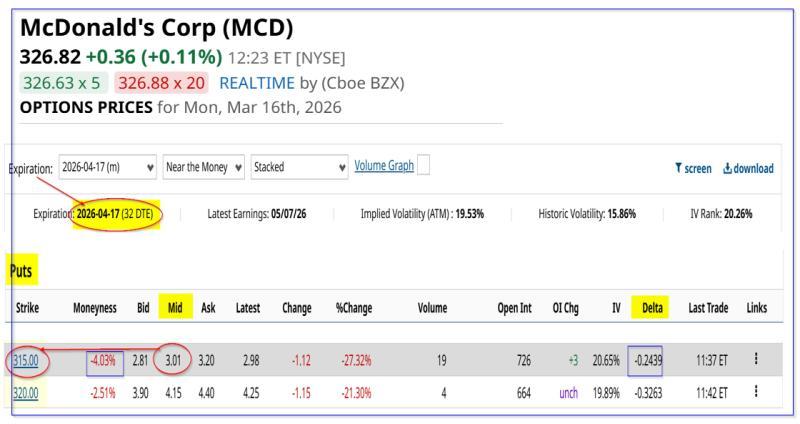 以4月17日到期的期权合约为例,执行价为315美元的麦当劳认沽期权(较当前股价折价约4%),其期权价格中点约为3.01美元:
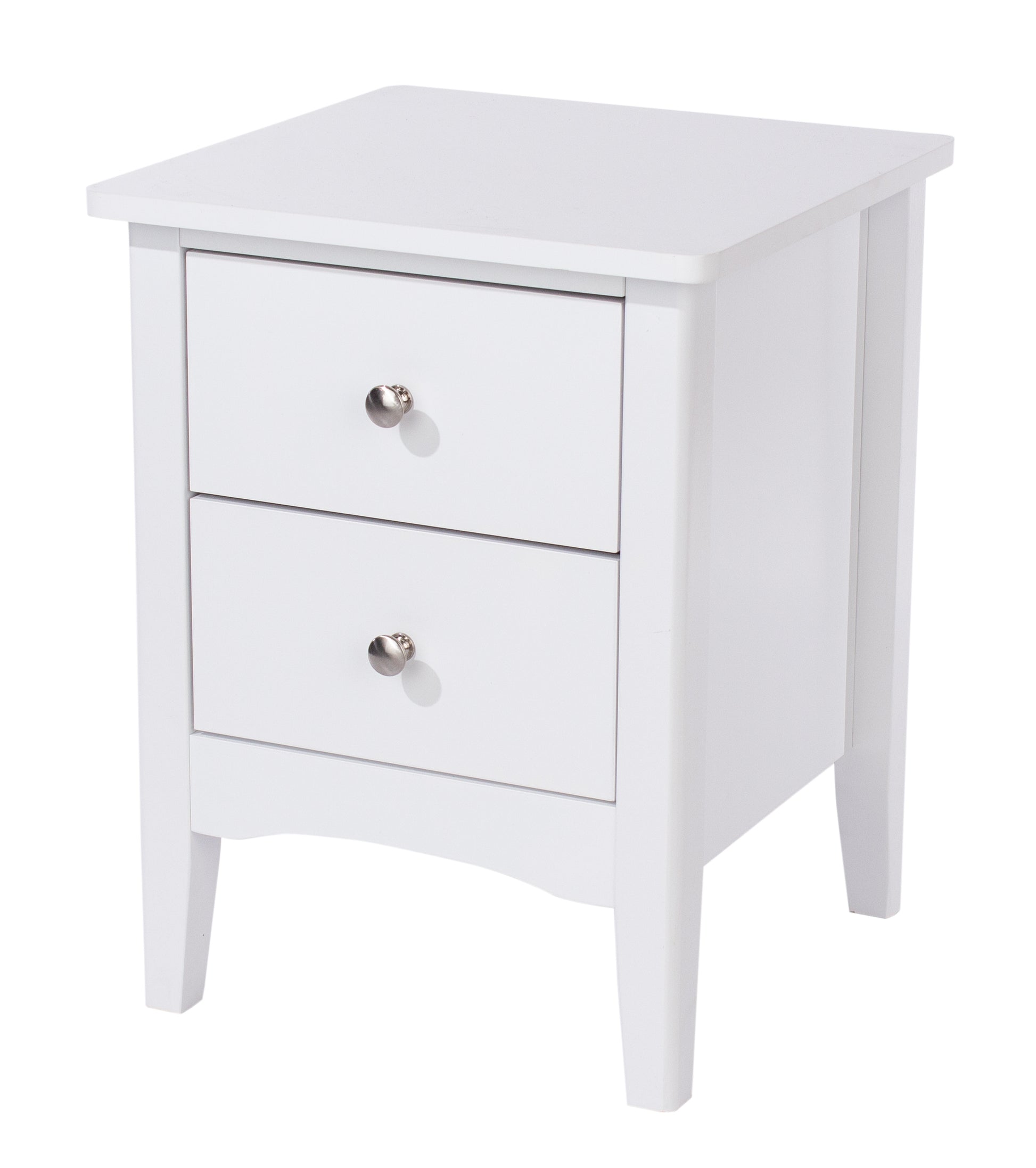 This 2 drawer bedside cabinet features a luxurious white paint finish, complimented with real metal handles and easy glide drawers
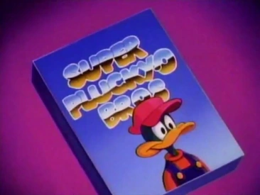 Super Plucky-o Bros appears in a commercial in the Season 1 episode "K-Acme TV". The game parody features Plucky-o (a parody of Mario) and his brother, Linguine (a taller Plucky and parody of Mario's brother, Luigi), traveling through Fungo World (a parody of the Mushroom Kingdom), where they must rescue Princess Loon (a parody of Princess Toadstool/Peach) from the Toadstool Tower. To rescue her, players must pick the right magic kumquat from a tree. Linguine tries to do so, but is chased away from said tree by the Dizzy Doofus (a parody of Bowser/King Koopa), and Plucky-o evades various enemies larger than himself, until he finds the Giant Nyah-Nyah of Power (a parody of a combination of the Star and Fire Flower power-ups) that turns him into an invincible giant who defeats the enemies and rescues Princess Loon. The game ends (with a Game Over), revealing Plucky playing the game in an arcade. He says, "It's more than a game, it's an obsession!," as a pair of chattering teeth from the game chases him across the arcade. The announcer then states, "It's Super Plucky-o Bros for your Numbmindo system. Whine, scream and cry until your folks break down and buy you one! Only $879.99. Batteries, instructions, joystick and game not included."

____

◆ **TASK ITEM**: Give back, unaltered, each line of the listing from the first to the line that contains "This 2 drawer", leaving every picture out.

◆ **RESULT FOR THIS EXERCISE**:
 以4月17日到期的期权合约为例,执行价为315美元的麦当劳认沽期权(较当前股价折价约4%),其期权价格中点约为3.01美元:
 This 2 drawer bedside cabinet features a luxurious white paint finish, complimented with real metal handles and easy glide drawers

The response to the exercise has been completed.